[Available data Boundary: Start]
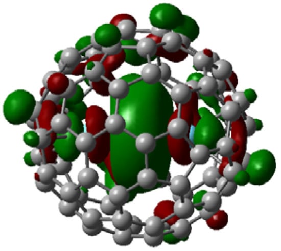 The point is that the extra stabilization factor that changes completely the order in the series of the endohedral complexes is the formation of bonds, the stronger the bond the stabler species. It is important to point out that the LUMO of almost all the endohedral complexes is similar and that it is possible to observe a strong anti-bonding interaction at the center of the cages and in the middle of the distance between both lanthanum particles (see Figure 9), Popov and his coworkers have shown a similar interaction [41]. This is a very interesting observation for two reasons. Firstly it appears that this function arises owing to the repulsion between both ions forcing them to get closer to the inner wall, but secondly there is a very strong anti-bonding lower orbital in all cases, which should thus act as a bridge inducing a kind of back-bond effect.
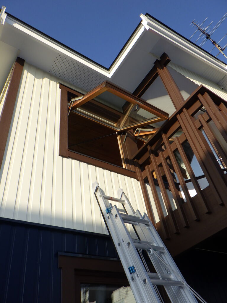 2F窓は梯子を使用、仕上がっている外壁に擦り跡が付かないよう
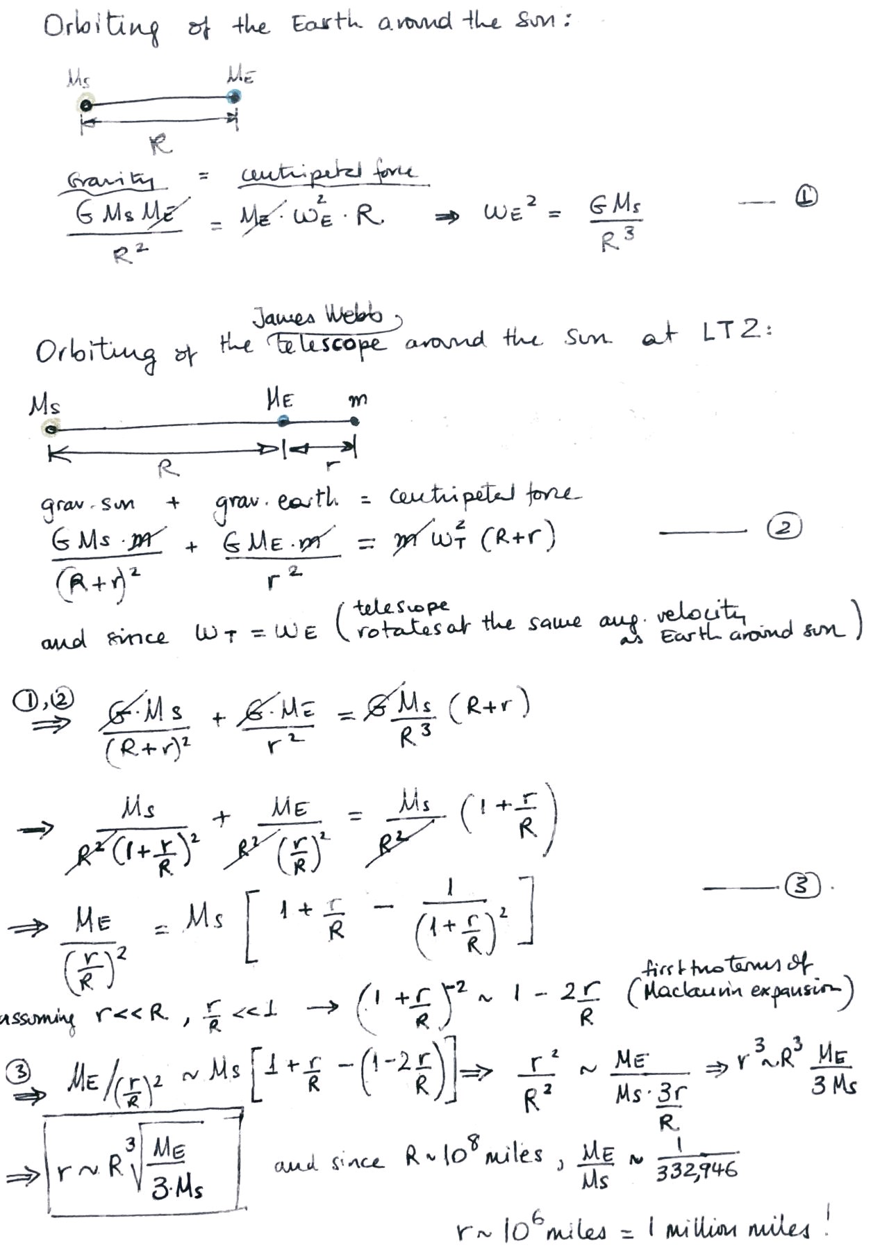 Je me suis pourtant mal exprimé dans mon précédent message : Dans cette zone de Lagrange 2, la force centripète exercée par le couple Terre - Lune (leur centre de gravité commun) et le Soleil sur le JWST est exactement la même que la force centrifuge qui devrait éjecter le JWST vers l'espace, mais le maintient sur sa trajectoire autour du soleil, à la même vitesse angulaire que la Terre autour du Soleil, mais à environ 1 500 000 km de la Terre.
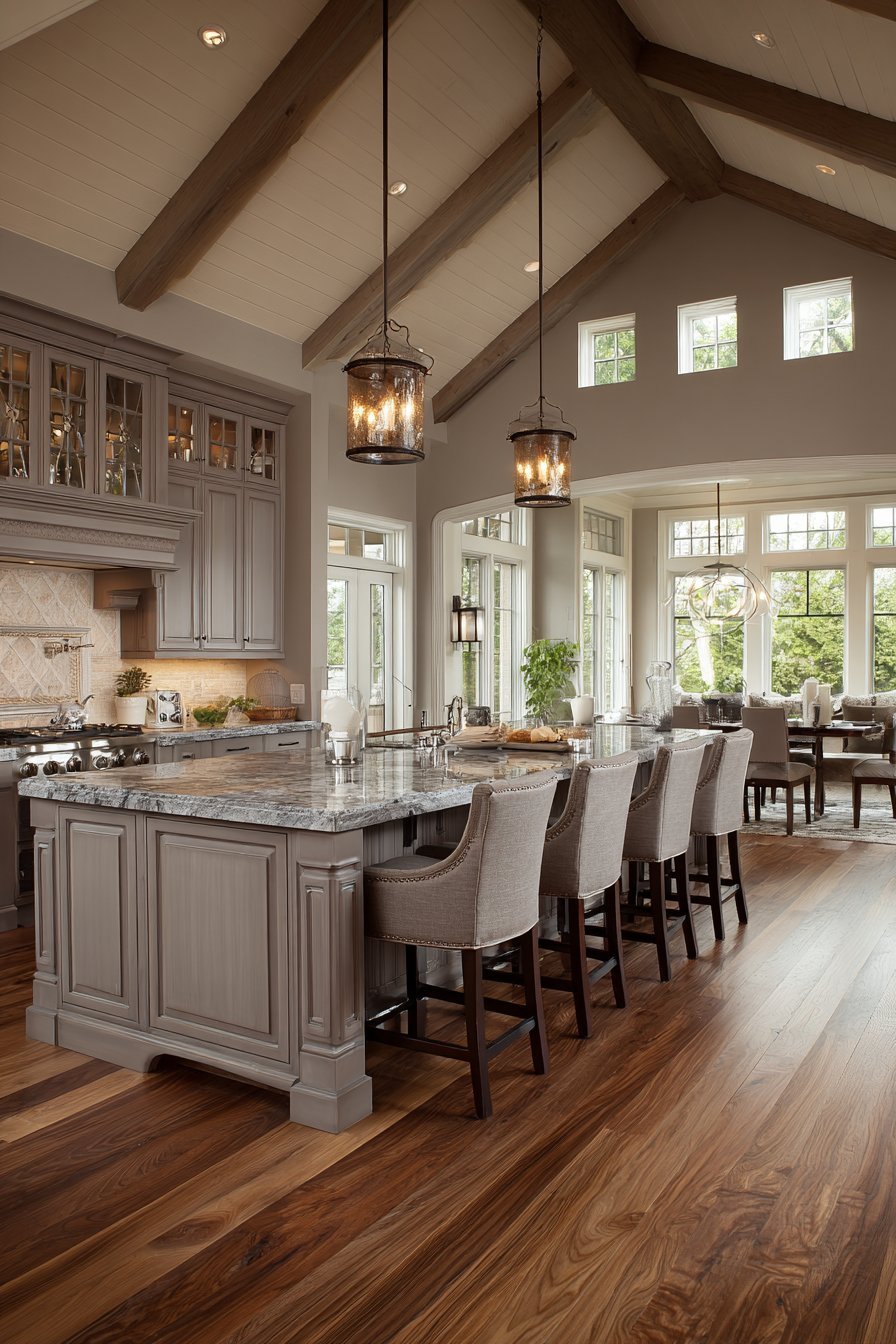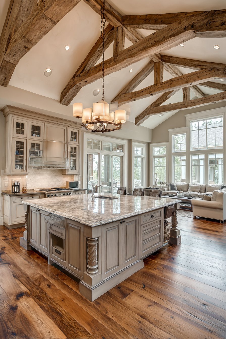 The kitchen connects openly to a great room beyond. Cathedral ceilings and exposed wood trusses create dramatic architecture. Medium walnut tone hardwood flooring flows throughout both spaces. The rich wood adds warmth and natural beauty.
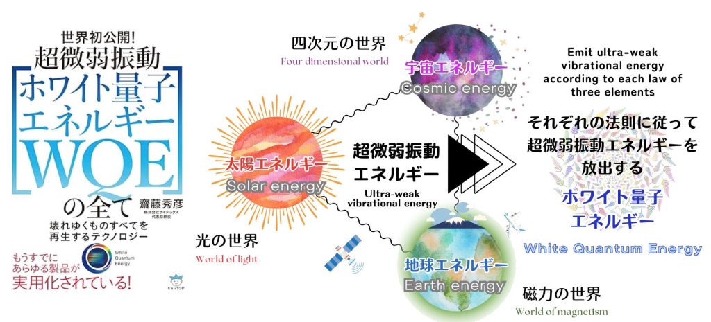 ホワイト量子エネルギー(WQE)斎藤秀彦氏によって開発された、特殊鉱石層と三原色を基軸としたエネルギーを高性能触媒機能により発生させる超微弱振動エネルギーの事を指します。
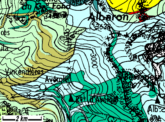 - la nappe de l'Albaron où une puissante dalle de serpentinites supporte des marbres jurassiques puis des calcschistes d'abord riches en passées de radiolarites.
[Available data Boundary: End]
-- Your goal --
Copy out all the entries precisely. No images.

-- Output for this exercise --
 The point is that the extra stabilization factor that changes completely the order in the series of the endohedral complexes is the formation of bonds, the stronger the bond the stabler species. It is important to point out that the LUMO of almost all the endohedral complexes is similar and that it is possible to observe a strong anti-bonding interaction at the center of the cages and in the middle of the distance between both lanthanum particles (see Figure 9), Popov and his coworkers have shown a similar interaction [41]. This is a very interesting observation for two reasons. Firstly it appears that this function arises owing to the repulsion between both ions forcing them to get closer to the inner wall, but secondly there is a very strong anti-bonding lower orbital in all cases, which should thus act as a bridge inducing a kind of back-bond effect.
 2F窓は梯子を使用、仕上がっている外壁に擦り跡が付かないよう
 Je me suis pourtant mal exprimé dans mon précédent message : Dans cette zone de Lagrange 2, la force centripète exercée par le couple Terre - Lune (leur centre de gravité commun) et le Soleil sur le JWST est exactement la même que la force centrifuge qui devrait éjecter le JWST vers l'espace, mais le maintient sur sa trajectoire autour du soleil, à la même vitesse angulaire que la Terre autour du Soleil, mais à environ 1 500 000 km de la Terre.
 The kitchen connects openly to a great room beyond. Cathedral ceilings and exposed wood trusses create dramatic architecture. Medium walnut tone hardwood flooring flows throughout both spaces. The rich wood adds warmth and natural beauty.
 ホワイト量子エネルギー(WQE)斎藤秀彦氏によって開発された、特殊鉱石層と三原色を基軸としたエネルギーを高性能触媒機能により発生させる超微弱振動エネルギーの事を指します。
 - la nappe de l'Albaron où une puissante dalle de serpentinites supporte des marbres jurassiques puis des calcschistes d'abord riches en passées de radiolarites.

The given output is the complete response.